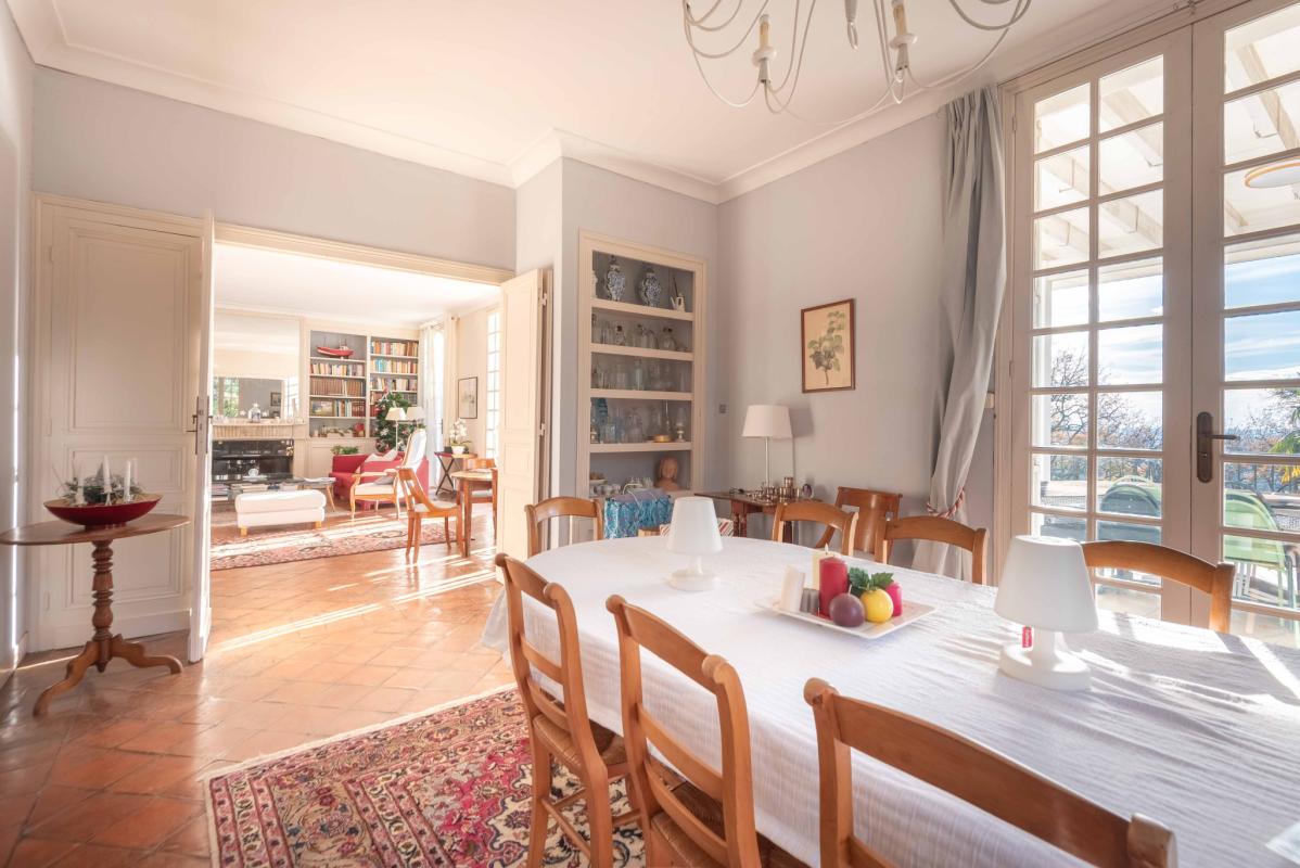Au rez-de-chaussée, un vaste séjour et salle à manger lumineux de 70 m2 exposé plein sud, ouvert sur une terrasse panoramique de plus de 100 m2, véritable prolongement de l’espace de vie. Cuisine équipée indépendante avec coin dinatoire. Très belle hauteur sous plafond. Belles tomettes dans l’entrée.
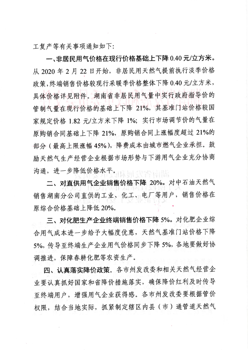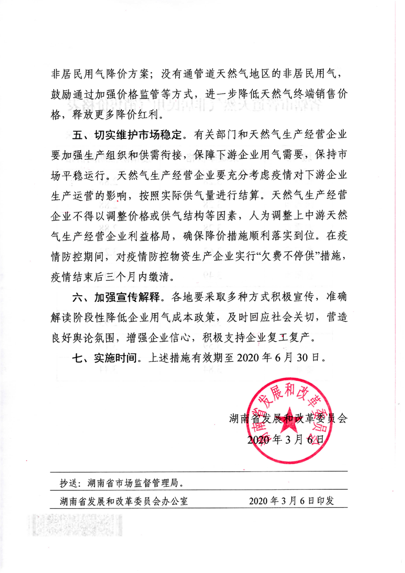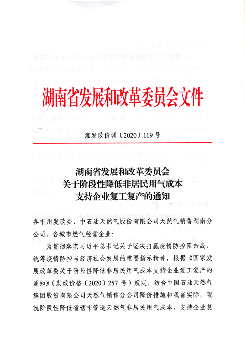 湘发改价调〔2020〕119号 关于阶段性降低非居民用气成本支持企业复工复产的通知
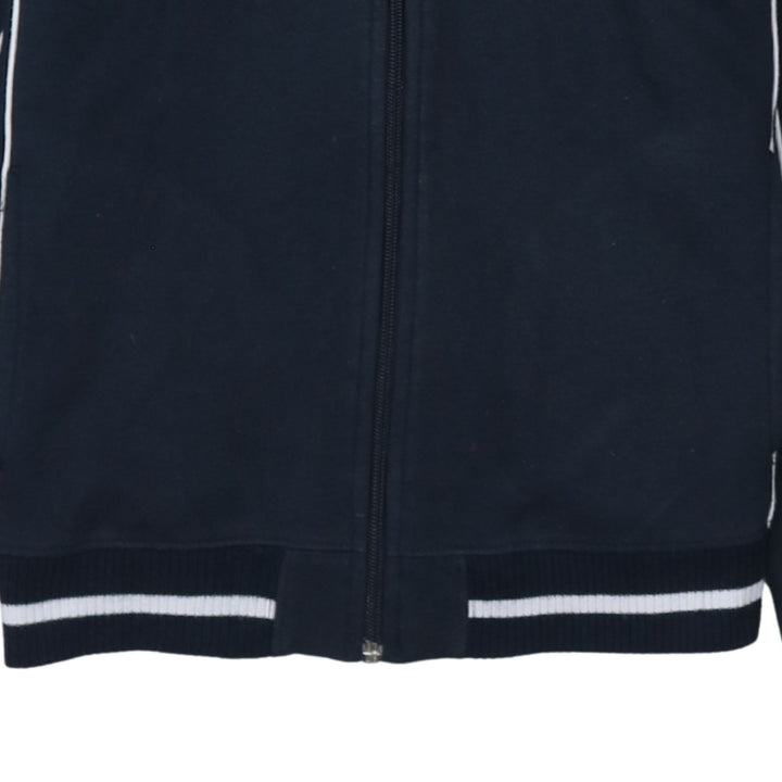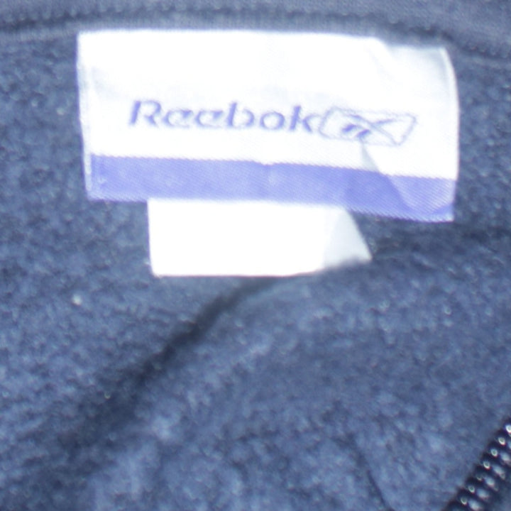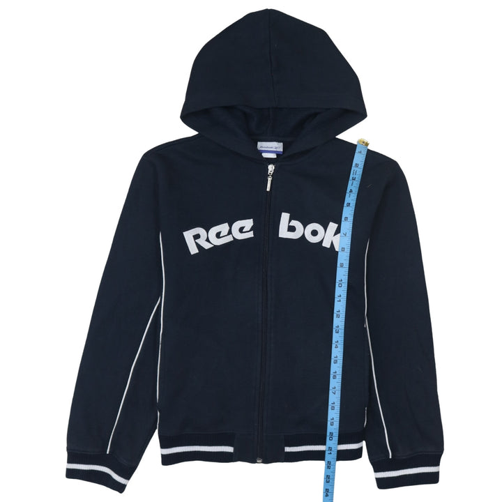 Reebok Navy Blue Full Zip Hoodie Men's Medium Printed Logo Stripe Cuff Casual Sweatshirt
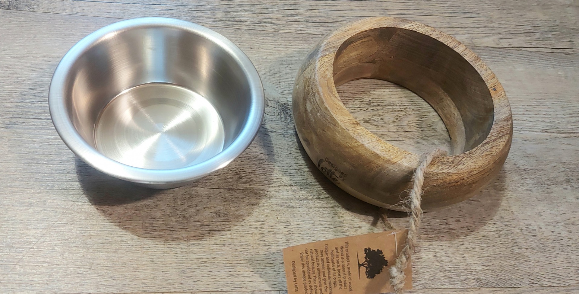 Hypoalergenní přírodní materiály dřevo / nerez nezpůsobují kožní potíže ani alergie při kontaktu s miskou
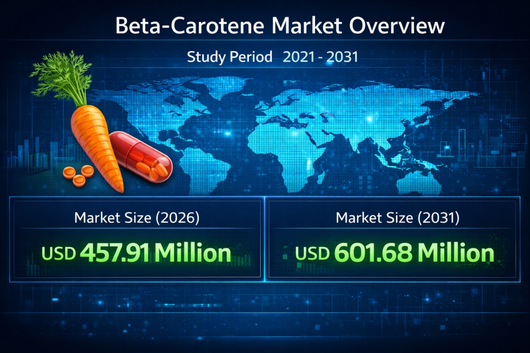 According to Mordor Intelligence, the beta carotene market size is witnessing steady expansion as nutrition awareness, regulatory backing, and clean-label adoption continue to influence ingredient demand. The market is estimated at USD 457.91 million in 2026 and is projected to reach USD 601.68 million by 2031, growing at a CAGR of 5.62% during the forecast period.
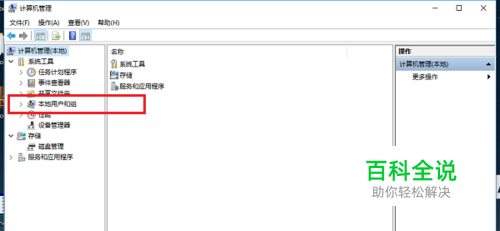 第一步在win10系统桌面上,鼠标右键此电脑,选择“管理”,进去计算机管理之后,点击本地用户和组,如下图所示:
******
What is needed is every record above, returned exactly, with the pictures omitted.

Au rez-de-chaussée, un vaste séjour et salle à manger lumineux de 70 m2 exposé plein sud, ouvert sur une terrasse panoramique de plus de 100 m2, véritable prolongement de l’espace de vie. Cuisine équipée indépendante avec coin dinatoire. Très belle hauteur sous plafond. Belles tomettes dans l’entrée.
 湘发改价调〔2020〕119号 关于阶段性降低非居民用气成本支持企业复工复产的通知
 Reebok Navy Blue Full Zip Hoodie Men's Medium Printed Logo Stripe Cuff Casual Sweatshirt
 Hypoalergenní přírodní materiály dřevo / nerez nezpůsobují kožní potíže ani alergie při kontaktu s miskou
 According to Mordor Intelligence, the beta carotene market size is witnessing steady expansion as nutrition awareness, regulatory backing, and clean-label adoption continue to influence ingredient demand. The market is estimated at USD 457.91 million in 2026 and is projected to reach USD 601.68 million by 2031, growing at a CAGR of 5.62% during the forecast period.
 第一步在win10系统桌面上,鼠标右键此电脑,选择“管理”,进去计算机管理之后,点击本地用户和组,如下图所示:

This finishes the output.